Input alignment format:

-M a2m

use A2M/A3M (default): upper case = Match; lower case = Insert;

’ -’ = Delete; ’.’ = gaps aligned to inserts (may be omitted)

-M first

use FASTA: columns with residue in 1st sequence are match states

-M [0,100]

use FASTA: columns with fewer than X% gaps are match states

-tags/-notags

do NOT / do neutralize His-, C-myc-, FLAG-tags, and trypsin recognition sequence to background distribution (def=-notags)

Output options:

-o <file>

write results in standard format to file (default=<infile.hhr>)

-oa3m <file>

write result MSA with significant matches in a3m format

-opsi <file>

write result MSA of significant matches in PSI-BLAST format

-ohhm <file>

write HHM file for result MSA of significant matches

-oalis <name>

write MSAs in A3M format after each iteration

-blasttab <name> write result in tabular BLAST format (compatible to -m 8 or -outfmt 6 output)

1

2 3 4 5 6 8 9 10 11 12

’query target #match/tLen #mismatch #gapOpen qstart qend tstart tend eval score’

-add_cons

generate consensus sequence as master sequence of query MSA (default=don’t)

-hide_cons

don’t show consensus sequence in alignments (default=show)

-hide_pred

don’t show predicted 2ndary structure in alignments (default=show)

-hide_dssp

don’t show DSSP 2ndary structure in alignments (default=show)

-show_ssconf

show confidences for predicted 2ndary structure in alignments

-Ofas <file>

write pairwise alignments in FASTA xor A2M (-Oa2m) xor A3M (-Oa3m) format

-seq <int>

max. number of query/template sequences displayed (default=1)

-aliw <int>

number of columns per line in alignment list (default=80)

-p [0,100]

minimum probability in summary and alignment list (default=20)

-E [0,inf[

maximum E-value in summary and alignment list (default=1E+06)

-Z <int>

maximum number of lines in summary hit list (default=500)

-z <int>

minimum number of lines in summary hit list (default=10)

-B <int>

maximum number of alignments in alignment list (default=500)

-b <int>

minimum number of alignments in alignment list (default=10)

Prefilter options
-noprefilt

disable all filter steps

-noaddfilter

disable all filter steps (except for fast prefiltering)

-maxfilt

max number of hits allowed to pass 2nd prefilter (default=20000)

-min_prefilter_hits

min number of hits to pass prefilter (default=100)

-prepre_smax_thresh

min score threshold of ungapped prefilter (default=10)

-pre_evalue_thresh

max E-value threshold of Smith-Waterman prefilter score (default=1000.0)

-pre_bitfactor

prefilter scores are in units of 1 bit / pre_bitfactor (default=4)

-pre_gap_open

gap open penalty in prefilter Smith-Waterman alignment (default=20)

-pre_gap_extend

gap extend penalty in prefilter Smith-Waterman alignment (default=4)

-pre_score_offset

offset on sequence profile scores in prefilter S-W alignment (default=50)

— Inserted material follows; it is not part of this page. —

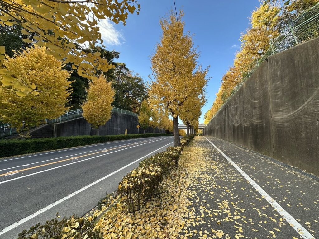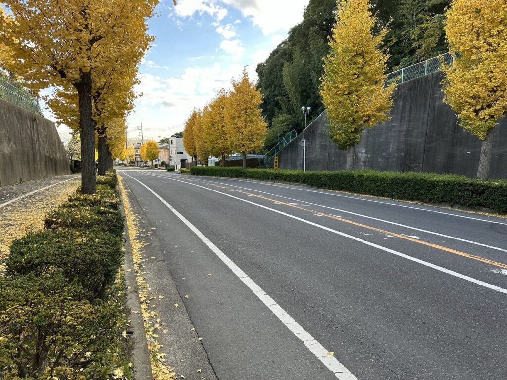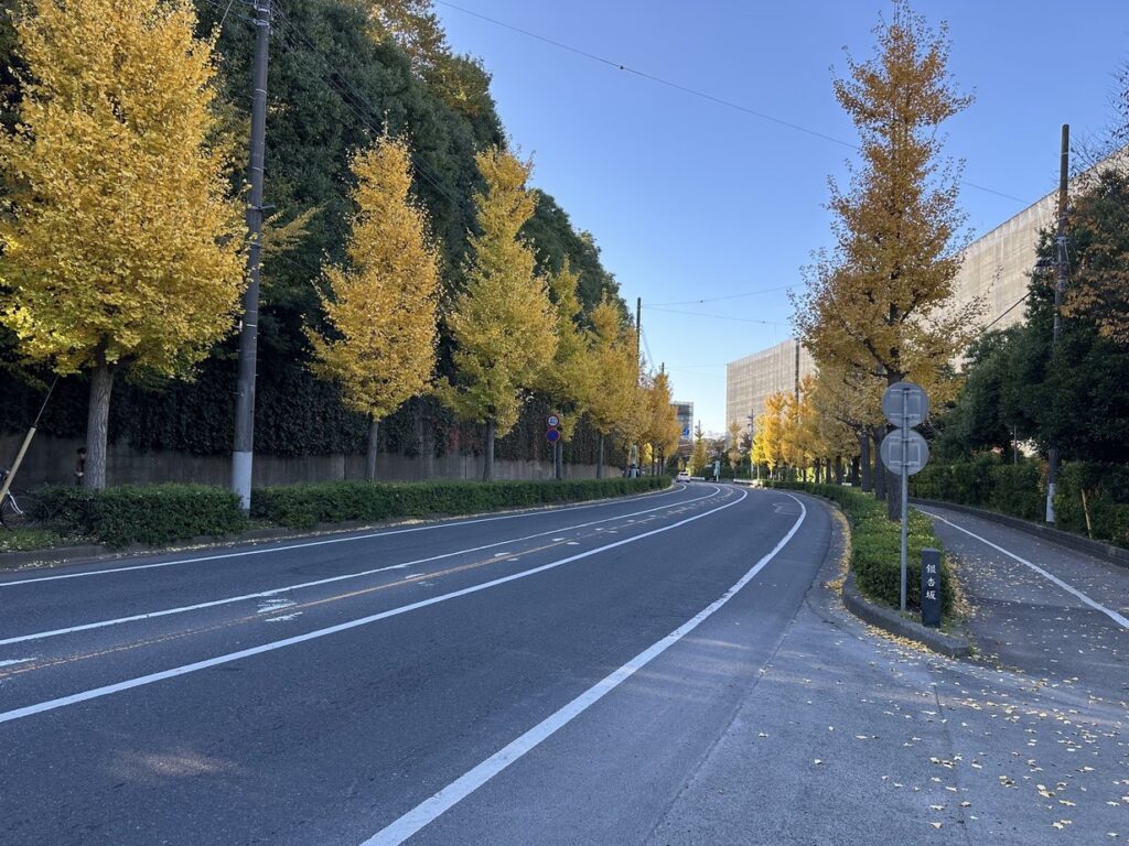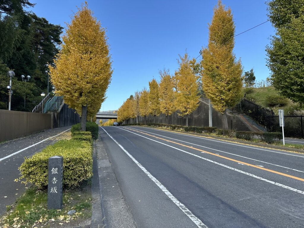 2025.11.22 長い坂道の道路の両側に続く銀杏並木が美しい。平成二十六年 取手の坂道愛好会 取手ライオンズクラブ

Filter options applied to query MSA, database MSAs, and result MSA

-all

show all sequences in result MSA; do not filter result MSA

-interim_filter NONE|FULL

filter sequences of query MSA during merging to avoid early stop (default: FULL)

NONE: disables the intermediate filter FULL: if an early stop occurs compare filter seqs in an all vs. all comparison

-id

[0,100] maximum pairwise sequence identity (def=90)

-diff [0,inf[

filter MSAs by selecting most diverse set of sequences, keeping at least this many seqs in each MSA block of length 50 Zero and non-numerical values turn off the filtering. (def=1000)

-cov

[0,100] minimum coverage with master sequence (%) (def=0)

-qid

[0,100] minimum sequence identity with master sequence (%) (def=0)

-qsc

[0,100] minimum score per column with master sequence (default=-20.0)

-neff [1,inf]

target diversity of multiple sequence alignment (default=off)

-mark

do not filter out sequences marked by ">@"in their name line

HMM-HMM alignment options:

-norealign

do NOT realign displayed hits with MAC algorithm (def=realign)

-realign_old_hits

realign hits from previous iterations

-mact [0,1[

posterior prob threshold for MAC realignment controlling greediness at alignment ends: 0:global >0.1:local (default=0.35)

-glob/-loc

use global/local alignment mode for searching/ranking (def=local)

-realign

realign displayed hits with max. accuracy (MAC) algorithm

-realign_max <int>

realign max. <int> hits (default=500)

-ovlp <int>

banded alignment: forbid <ovlp> largest diagonals |i-j| of DP matrix (def=0)

-alt <int>

show up to this many alternative alignments with raw score > smin(def=4)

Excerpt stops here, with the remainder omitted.